“A timeout was reached while waiting for the servi

2019-01-31 06:44发布

问题:

I have a custom-written Windows service that I run on a number of Hyper-V VMs. The VMs get rebooted a couple times an hour as part of some automated tests being run. The service is set to automatic start and almost all of the time, it starts up fine.

However, maybe 5% of the time, with no pattern that I can discern, the service fails to start. When it fails, I get an error in Event Viewer saying

A timeout was reached (30000 milliseconds) while waiting for the My Service Name service to connect.

When this occurs, I can start the service manually, or restart again, and the service will start fine.

The thing I can't figure out is that the 30 second timeout doesn't appear to be occurring in my code. The very first line of my service class's OnStart() method logs "Starting..." to its log4net log. When the service fails to start, I don't even get anything logged at all, which indicates to me that either log4net can't log for whatever reason, or the timeout is occurring before my OnStart() gets called.
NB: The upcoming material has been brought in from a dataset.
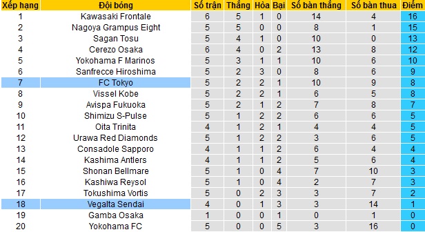 + Lịch sử đối đầu FC Tokyo vs Vegalta Sendai

The service runs on a variety of OSes, from XP all the way up to Win7 and 2008R2, and I know that setting the service to delayed start may solve this for Vista and later, but that seems like a hack.

I haven't been able to remote debug this because of the fact that it happens so intermittently and during system startup, and I'm at a loss as to further ways to try to figure out what's going on. Any ideas?

回答1:

You may want to look at this post, it's not identical to your situation but the solution does offer sound advice on Windows services and startup functionality.



回答2:

My guess - and that's all it is - is that the disk is thrashing hard during startup, to the point where the .NET Framework itself isn't starting in the 30 seconds that Windows allocates for services to start.

A kludgy workaround may be to set the service to start manually, then write a very small stub service in unmanaged code (e.g. C++, Delphi) to start the service.

Another approach may be to start the service remotely from another machine. The sc command should do the job nicely.



回答3:

For what it's worth, I discovered that I received this message (almost immediately upon service startup) because I did not have version 4.5 of the .NET framework installed on the target machine. I rolled back the version I was using to version 4.0 (which was already installed on the target machine) and the service worked as expected.



回答4:

I was seeing this error in the Event Viewer when trying to install a service with powershell.

The problem I had was that I had different values for "Service Name" and "Service Display Name" in my powershell script to those that I had specified in the program.cs file of my Console Application.



回答5:

I think I may have also found another contributing factor to this kind of does not start on reboot error.

It appears that if the Windows Event Log is set to Overwrite Events > 7days.. size 512kb.. But a lot of activity has occurred within this window, then Event Log is effectively full because it can't overwrite the number of events generated inside that timeframe. If you set the eventlog to a much larger size OR to Overwrite as needed then you won't experience this issue



回答6:

My issue with the same error was that the .Net installation on the server was not working correctly.

To figure this out:

I made a small console app with identical logic as the executing service, and I made a try-catch around the whole code piece, dumping it all out to console.

Not sure why the information didn't bubble up, but we saw the valuable messages about the Framework errors that we would never have seen otherwise.



回答7:

We are having the same problem on Windows 2016 Server.

A fix that seems to be working is changing the user under which the service running from Local Service Account to local Administrator (not sure what's the cause).